Objectives: BMSCs are key to bone regeneration. Neutrophils are the first responders at the fracture site, yet their role in bone healing remains unclear. This study aims to investigate the distinct effects of N1 (inflammatory) and N2 (regenerative) phenotypes on BMSC osteogenic behavior.

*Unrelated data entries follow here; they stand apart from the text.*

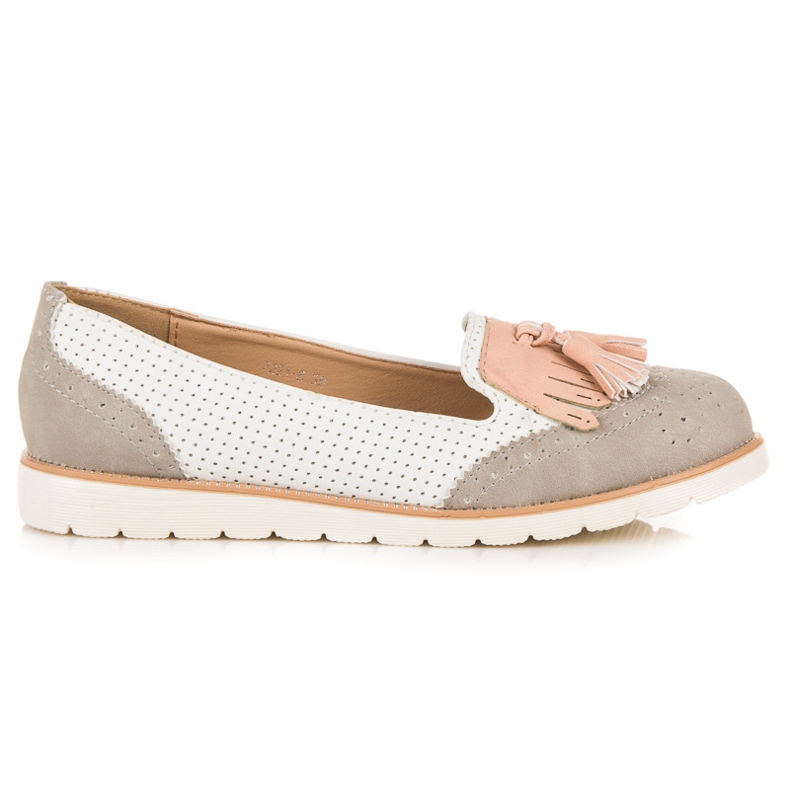 Détails: Vices Ballerines ajourées à franges blanc gris rose
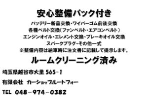 カーショップルートフォーではお客様のお求めやすい価格帯のお車を多数在庫しております。当店にてお客様の一台をお探しください。 当店の販売担当2名は国家整備士免許を所持しておりますのでご質問、ご相談等に対応できます。 ご購入後の車検・整備等のご相談もお気軽にお申し付け下さい。 お支払いも各種カード・オートローンにてお支払いOK! 従業員一同心よりお客様のご来店お待ちしております。
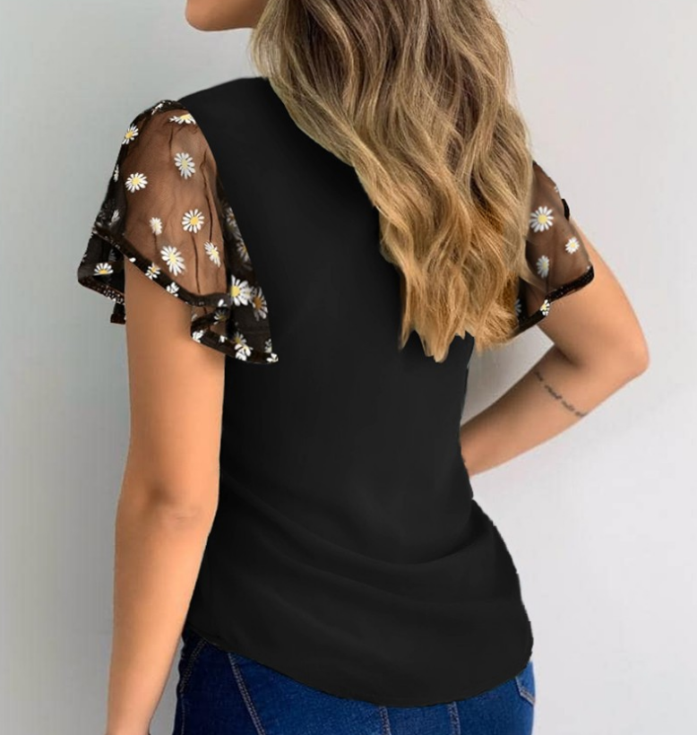 Sweet Lace Embroidered Short-Sleeved Shirt
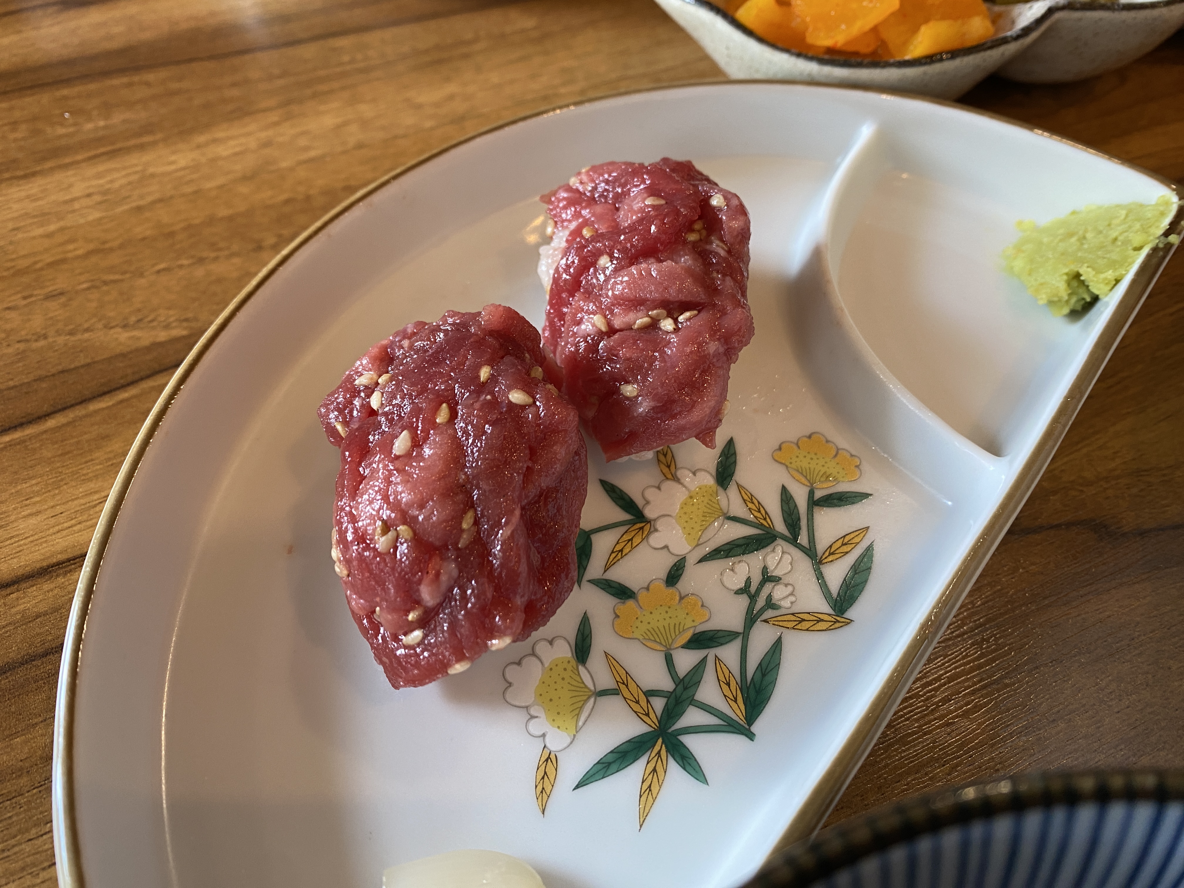 육회 초밥 2피스가 나오는 메뉴였는데요, 육회 너무 싱싱하고 찐으로 맛있었어요!!
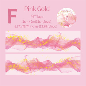 Transform your projects with this dreamy ribbon pattens PET tape. It uses hot stamping technology to make the tape pattern more gorgeous and attractive, Perfect for enhancing hand-written diaries, this tape adds depth and charm, making your creations truly stand out.

Methods: Neutrophils were isolated and polarized into N0 (unstimulated), N1, or N2 phenotypes. N0, N1 and N2 were co-cultured with BMSCs. BMSCs without neutrophils served as controls. After three days, non-adherent neutrophils were removed, and BMSCs were cultured continuously. BMSC viability and ALP activity were assessed on day 7, and ECM mineralization on day 28. Gene and cytokine expression were analyzed by qPCR and ELISA on both days 7 and 28.

Results: On day 7, B/N0 group showed lower ALP activity than both B-only and B/N1 groups, and cell viability in B/N1 group was lower than in B-only group. On day 28, B/N0 group showed reduced mineralization compared to B-only and B/N2 groups. Gene expression analysis revealed no significant differences in COL1A1, but OPN expression significantly increased in all groups from day 7 to day 28. RUNX2 expression increased in B-only, B/N0, and B/N1 groups, remaining unchanged in B/N2 group. OCN expression increased in B-only, B/N1, and B/N2 groups, except in B/N0 group. For cytokine secretion, BMP-2 levels were higher in B/N2 group on day 28 compared to day 7. OPN secretion remained stable across groups, while MMP-13 was undetectable on day 7 but present on day 28, with lower levels in B/N1 group.

Discussion: This study shows that N1 and N2 neutrophil phenotypes differentially influence the osteogenic property of human BMSCs. N1 neutrophils promote early osteogenesis but reduce cell viability, while N2 neutrophils enhance ECM mineralization. These effects seem to occur independently of gene expression changes. The results offer new insights into the roles of neutrophils in bone regeneration.